Я подумала опять о Расщепее — его уже тоже не было, но сколько огней и вешек оставил он мне в жизни, обозначив ими ложные переходы, опасные места и мели! Нет, море и жизнь вокруг меня не были пусты.
На пароходе с левого борта зажгли красный ходовой фонарь, и, как бы в ответ, над горизонтом, в светлом еще небе, сперва слабо, а потом все сильнее и напряженней разгораясь, налилась звезда, алая, как кровинка. Она катилась за пароходом, крупная, накаленная и одинокая; она словно увязалась за нашим кораблем, который плыл туда, где, я знала, завтра встанет из моря новый для меня, никогда не виданный берег. И, глядя на эту красную, сопровождавшую нас в море звезду, я вспомнила…
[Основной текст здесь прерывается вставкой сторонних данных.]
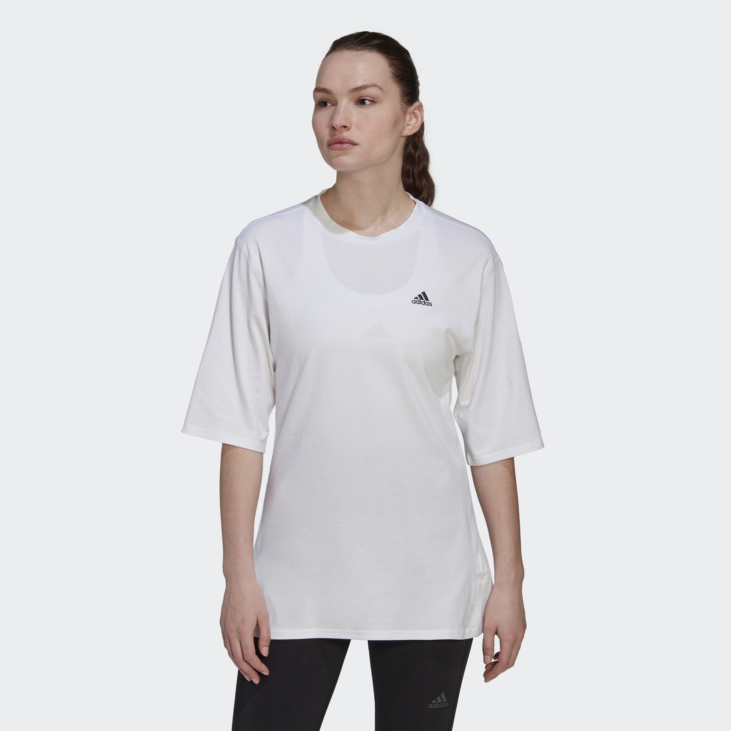 Getting out there for a run recharges your day. Pull on this adidas running tee and seize the moment. Organic cotton feels soft against your skin, and drop shoulders let you move freely. The longer length gives you a little extra coverage and pairs perfectly with tights. This  running tee is made with natural and renewable materials as part of our journey to design out finite resources and help end plastic waste.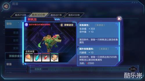 在星历300年的旧日平原的南部矿坑可以遇到树枫龙,前往该位置搜寻树枫龙,找到之后与其战斗,当树枫龙的生命值低于40%的时候使用物质枪将其捕获即可获得宠物;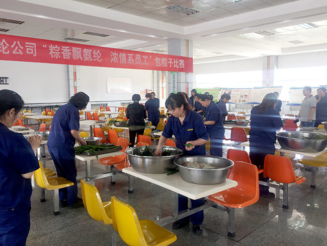 為傳承和弘揚(yáng)中國(guó)傳統(tǒng)文化,迎接傳統(tǒng)節(jié)日“端午節(jié)”的到來(lái),進(jìn)一步豐富員工文化生活,增強(qiáng)干部員工團(tuán)隊(duì)協(xié)作能力。2017年5月24日,氨綸公司在食堂舉辦一場(chǎng)別開(kāi)生面的“包粽子”比賽,此次活動(dòng)由公司工會(huì)主辦,組織各部門干部員工,共20余人參加比賽。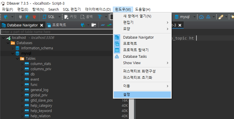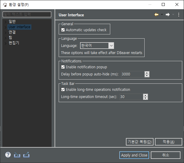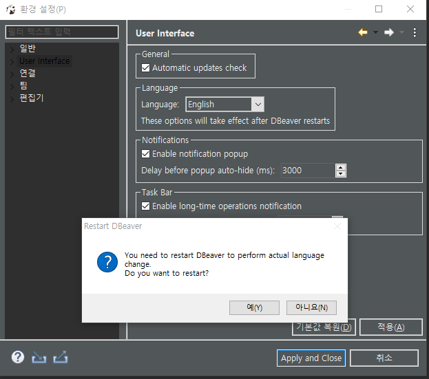 DBeaver(디비버)에서 한국어를 영어로 언어 변경하기
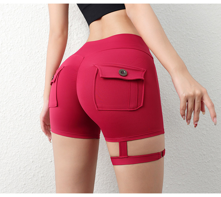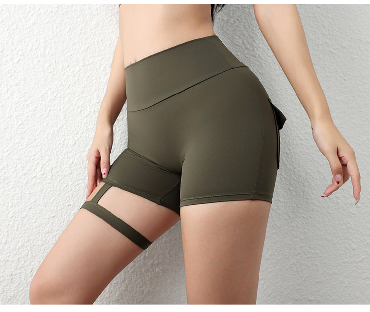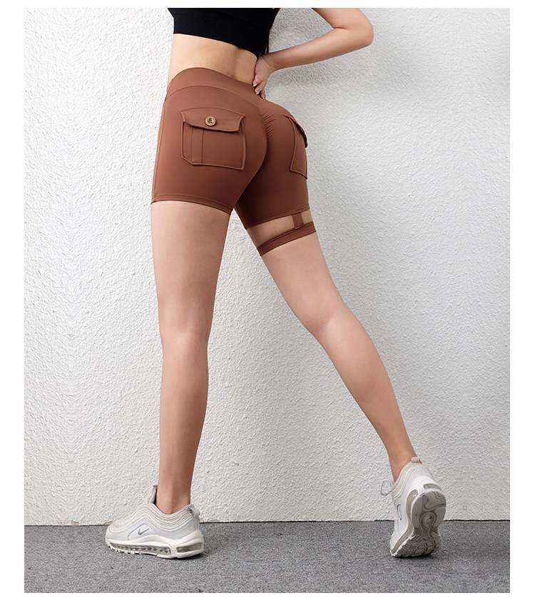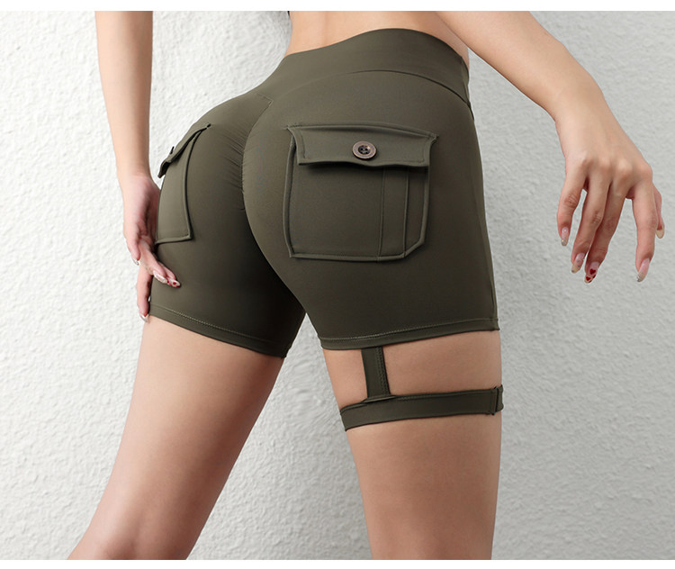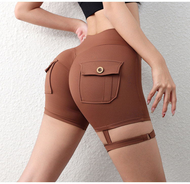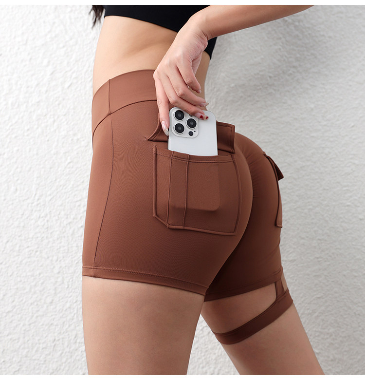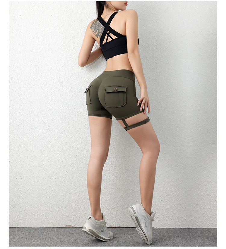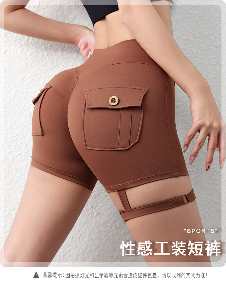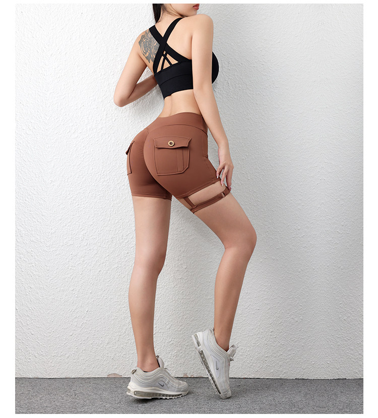Jiumai Yipin European and American Style Workwear Pocket Butt-Lifting Fitness Shorts Women's Tight Leg Ring Sports Pants Peach Butt Yoga Pants

— Амед! — закричала я, схватив его за рукав, — Амед, скорее!.. Какое сегодня число?
— Сейчас будем считать, — сказал Амед весело. — Семнадцатое число — в кино был, восемнадцатое — в Зоологический ходил, девятнадцатое — билет получил, двадцатое — я еще в Москве был, цирк смотрел, двадцать первое — в поезде ехал, двадцать второе — тоже ехал, сегодня число будет двадцать третий номер.
Это было 23 июля — это был день великого противостояния Марса.
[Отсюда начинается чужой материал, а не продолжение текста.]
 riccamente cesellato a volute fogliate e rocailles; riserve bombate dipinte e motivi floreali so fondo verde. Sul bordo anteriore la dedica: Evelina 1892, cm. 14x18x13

В этот самый день, как я прочла потом в научном отделе одного журнала, наши астрономы обнаружили в спектре атмосферы Марса полосу хлорофилла — очень важного вещества, без которого и трава не растет Если это так, значит, и на Марсе есть жизнь!
1939–1940
Книга вторая
Свет Москвы
Глава 1
Канун летнего солнцестояния
Не знаю, как там у них на Марсе, но на Земле у нас жизнь была в этот вечер чудо как хороша! Трубили горны, били барабаны в подмосковных лесах. Из походов возвращались в лагеря пионеры. И с голоса их училось новым песням переимчивое эхо.
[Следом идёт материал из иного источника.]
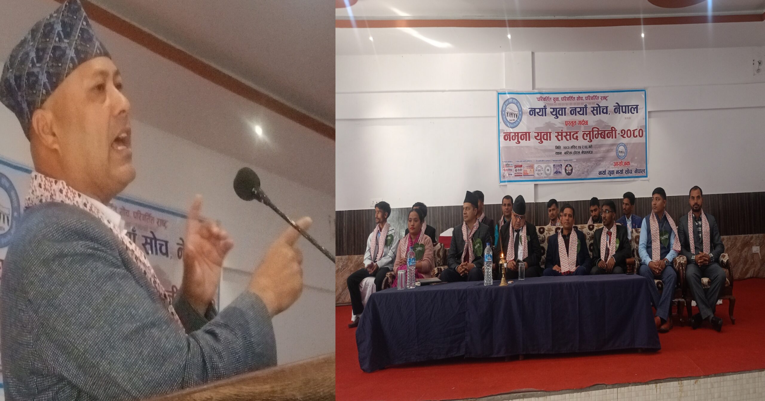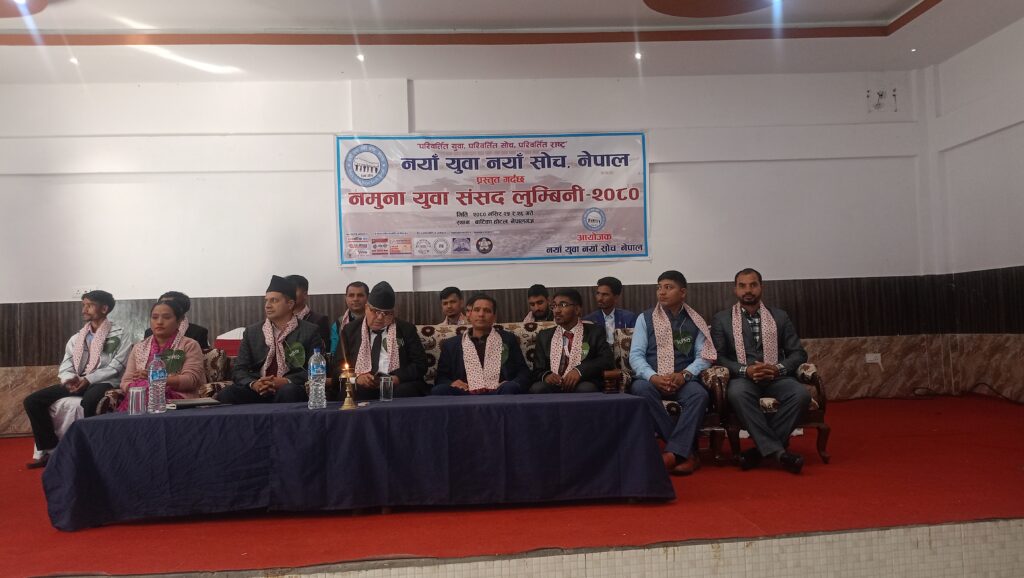 नेपालगन्ज – “नयाँ युवा नयाँ सोच नेपालको” आयोजना तथा नेपालगञ्जका केही संघ संस्थाहरुको आर्थिक सहयोगमा नेपालको संघिय संसदीय अभ्यास बारे प्रशिक्षण दिन एवं सहभागीहरुलाई व्यवस्थापीका एवं कार्यपालिकाको विभिन्न जिम्मेवारी प्रदान गरि व्यवहारिक अनुभव गराउने उद्देश्यका साथ १३ देखी २४ बर्ष उमेर समुहका करिब १२० जना बढी कानुन अध्ययनरत विद्यार्थीहरुको सहभागीतामा नमुना युवा संसद लुम्बिनी २०८० दोस्रो संस्करण नेपालगन्जमा सुरु भएको छ ।
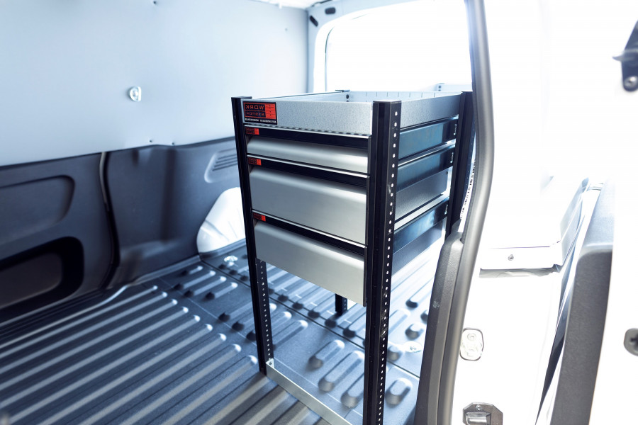 Yksi suosituimmista pakettiauton hyllyistä sinun VW Caddy Cargo & Ford Connect L1. Kalusteet tarjoavat monipuoliset säilytysmahdollisuudet, sillä kuulalaakerikiskoilla olevat vetolaatikot mahdollistavat helpon pääsyn sivuovesta ja laatikot voi vetää ulos ajosuunnassa hyvän näkyvyyden varmistamiseksi. Niitä voi täydentää laatikoiden jakajilla, jotta pienet tarvikkeet pysyvät hyvässä järjestyksessä. Syvät hyllymme tarjoavat myös hyvät säilytysmahdollisuudet sekä työkalulaukuille että pienemmille koneille. Kuulalaakerikiskoilla olevat laatikot kestävät 35 kg tasaisesti jaettua painoa. Laatikoiden sisämitat on (mm) L-308, S-387, K-60 sekä K-130.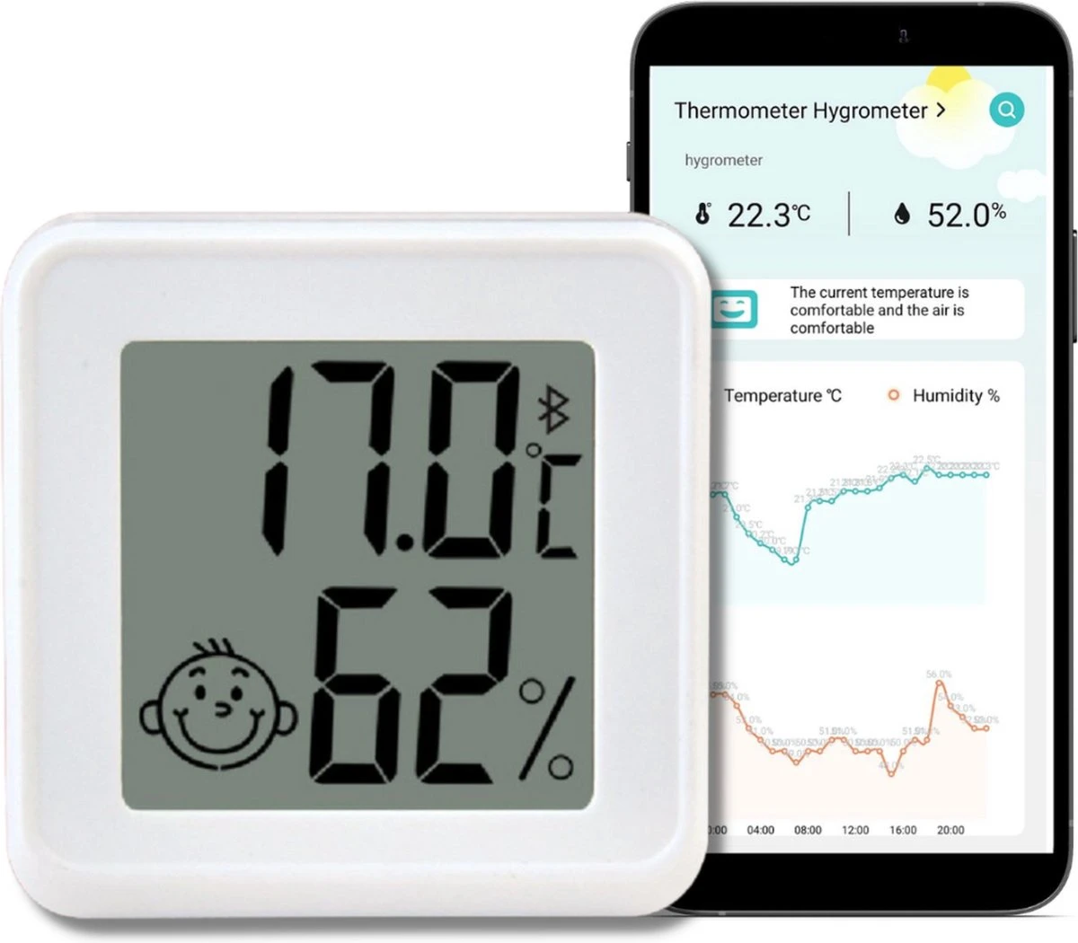 Het voordeel aan deze hygrometer is dat de meter voorzien is van een ingebouwde bluetooth verbinding. Hierdoor kunt u eenvoudig via de gratis app de gegevens van de meter op uw telefoon uitlezen. De gegevens worden real-time doorgestuurd, waardoor u altijd een accurate meting heeft. Daarnaast kunt u in de app meerdere gegevens makkelijk aflezen en met elkaar vergelijken, zonder de gegevens zelf op te hoeven schrijven.

По загородному шоссе на зеленой дамбе канала катили из Москвы резвые грузовички. Гремели на них детские цинковые ванны. Вразнобой подпрыгивали перекувырнутые стулья. Трехколесные велосипеды барахтались, безнадежно запутавшись в гамаках. Стоймя ехали полосатые матрацы. Все ерзало и громыхало, проносясь через переезды под покровительством полосатых же шлагбаумов…
Люди ехали на дачу. Был субботний вечер, а завтра по календарю начиналось лето.
Отправилась и я в поход со своими пионерами.
Мы плыли на лодке по светлой, покойной воде. Прошли вдалеке, возвращаясь в Москву из дневного рейса с Волги, белые теплоходы. На берегу за лесом играли в лагерях вечернюю зорю. Солнце село за дальние луга незамутненным, обещая на завтра хороший день. И радостно было знать, что утром, чуть снова взойдет оно, нам наконец откроются некоторые веселые тайны — те, что мы загадали для себя именно на этот день почти год назад.
Но у меня самой были к тому же особые основания считать сегодня жизнь прекрасной и ожидать, что завтра она будет еще лучше…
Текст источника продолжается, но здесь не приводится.